Your can order his book through Amazon. Also, check out his cartoons!

The Spread Mind by Riccardo Manzotti on Amazon.com

We covered the following questions: 

  1. Please give us an overview of The Spread Mind theory.
    • How did you come up with this theory, what inspired this? Computer scientist
    • Phenomenal experience is a property of the object?
    • Sounds like the Buddhist notion of becoming one with that which you love. Any connection to Buddhism?
    • The mind is larger than the body of the observer?
    • What is the mechanism that connects our brains to this consciousness?
    • Mind-object versus mind-body: Consciousness not connected to neural activity. Please explain the difference (if you haven’t already). 
  2. Virtual reality.
  3. What if you and I are experiencing the consciousness from the same object. Is that “spread object”? Is there any possibility of our personal ‘consciousness’ crossing over, sharing, combining?
  4. If we are the external objects, how can you explain that we may see reality in different ways? How does your theory address the issue of subjectivity and privacy of experience?

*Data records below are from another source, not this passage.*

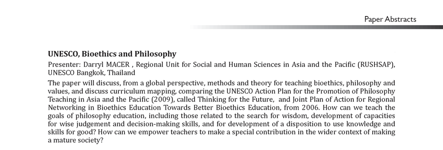 UNESCO, BIOETHICS AND PHILOSOPHY Chair and presenter: Darryl MACER |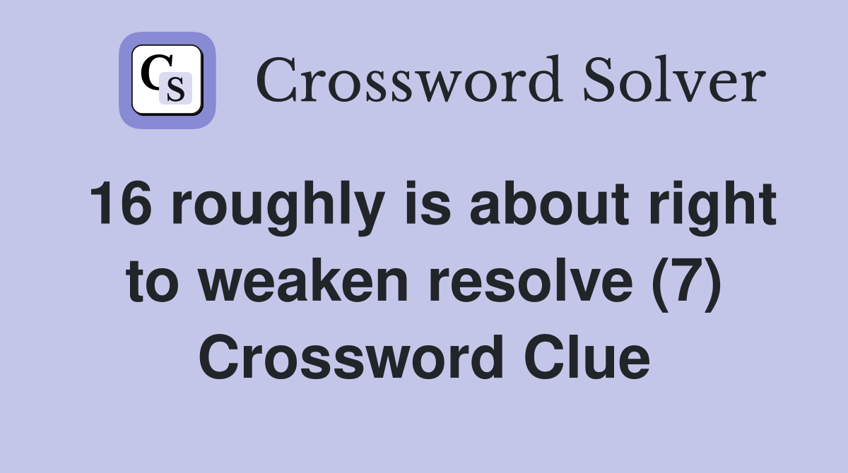 16 roughly is about right to weaken resolve (7) Crossword Clue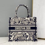 • Christian Dior Small Book Tote Bag 26cm Toile De Jouy Reverse Embroidery Blue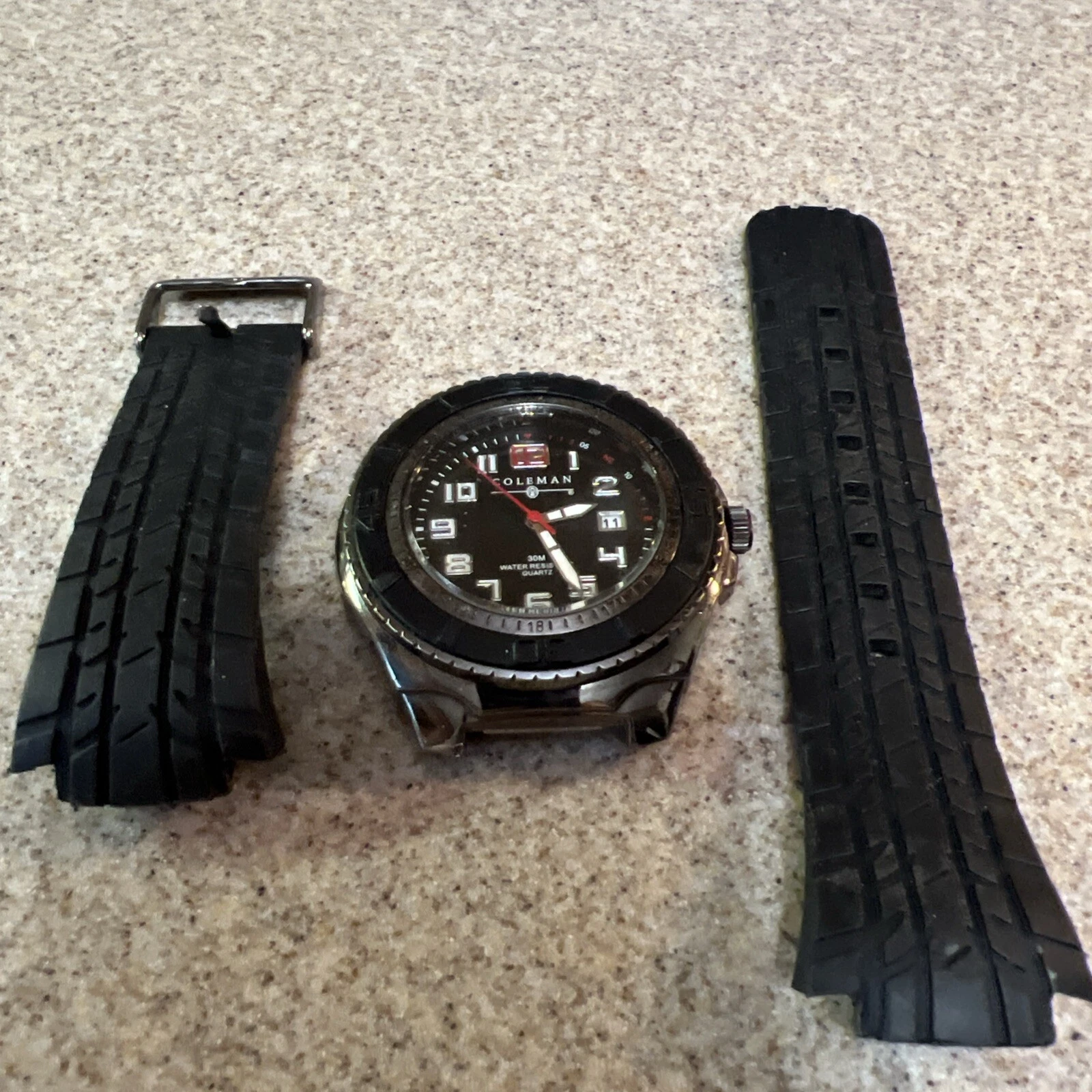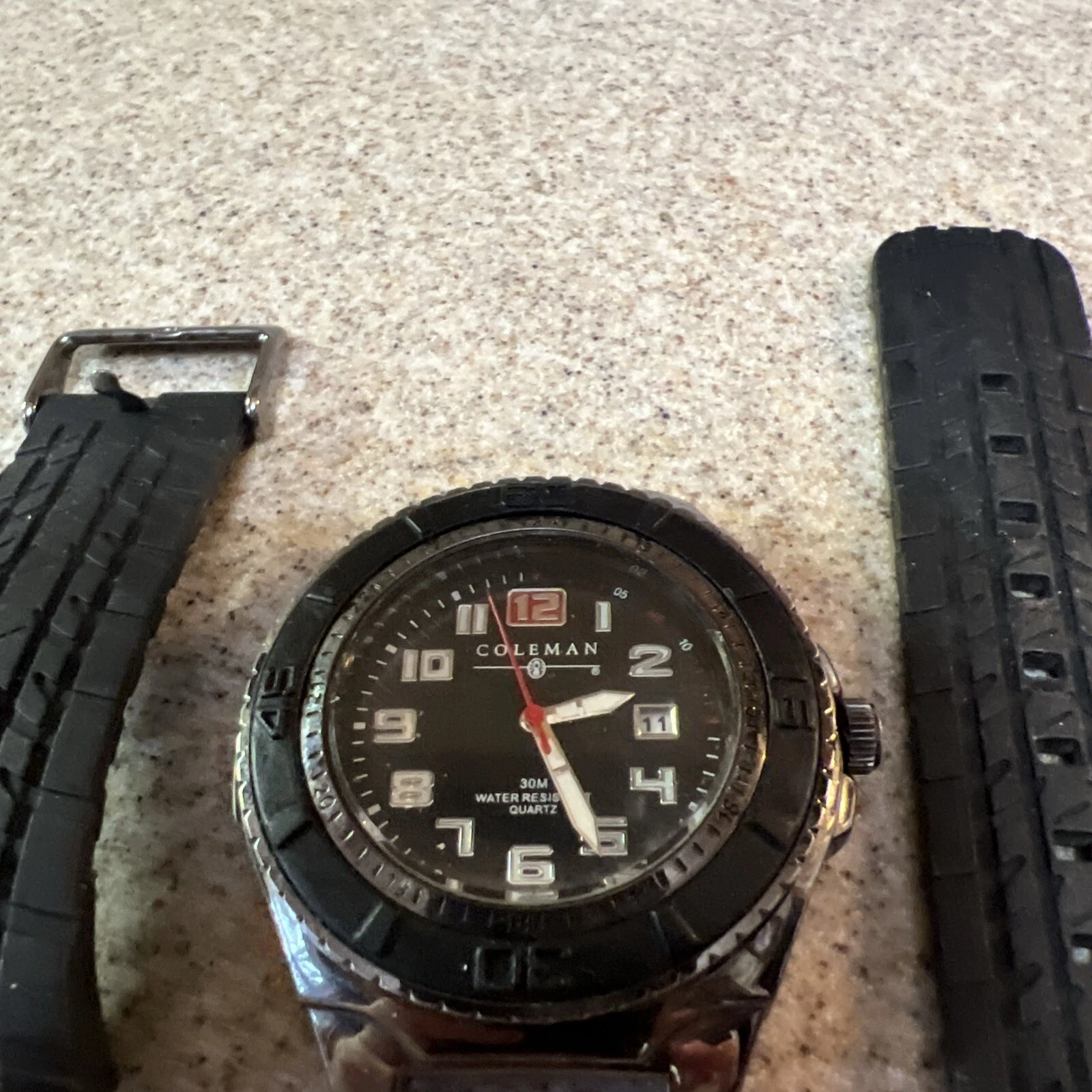 Vintage Coleman Date Quartz Watch 40-978 Black Rubber Band w/ SS Clasp Batt

  5. If consciousness is not neural, how do changes in the brain end up affecting consciousness? How does your theory connect with neuroscience? What about brain injury, split brain, sleep, altered states, etc.?

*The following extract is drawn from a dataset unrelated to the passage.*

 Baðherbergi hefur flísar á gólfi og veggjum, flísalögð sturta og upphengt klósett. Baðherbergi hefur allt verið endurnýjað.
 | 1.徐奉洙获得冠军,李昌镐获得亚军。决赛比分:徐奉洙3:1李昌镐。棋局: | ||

  6. Does the apple experience me, the object being me — flipping the frame of reference? Does it work both ways, like gravity?
  7. Is this panpsychism? Illusionism?
  8. You mention that Spread Mind is part of Naturalism: nothing supernatural exists. Is that right? So you are a physicalist? But you claim consciousness is not in the brain and thus that we are not our bodies, how can both things be true?
  9. A very popular alternative theory about consciousness is Tononi’s integrated information theory (IIT) and other computationalist approaches. Why is your theory different? What’s the connection with information?
  10. What are the bigger ramifications of this theory
  11. If this turns out to be true, how can we use this information?
    • Are there spiritual components?
  12. What else are you working on? What’s in your future? 
  13. What big breakthroughs in understanding consciousness do you see coming in the next 10-20 years?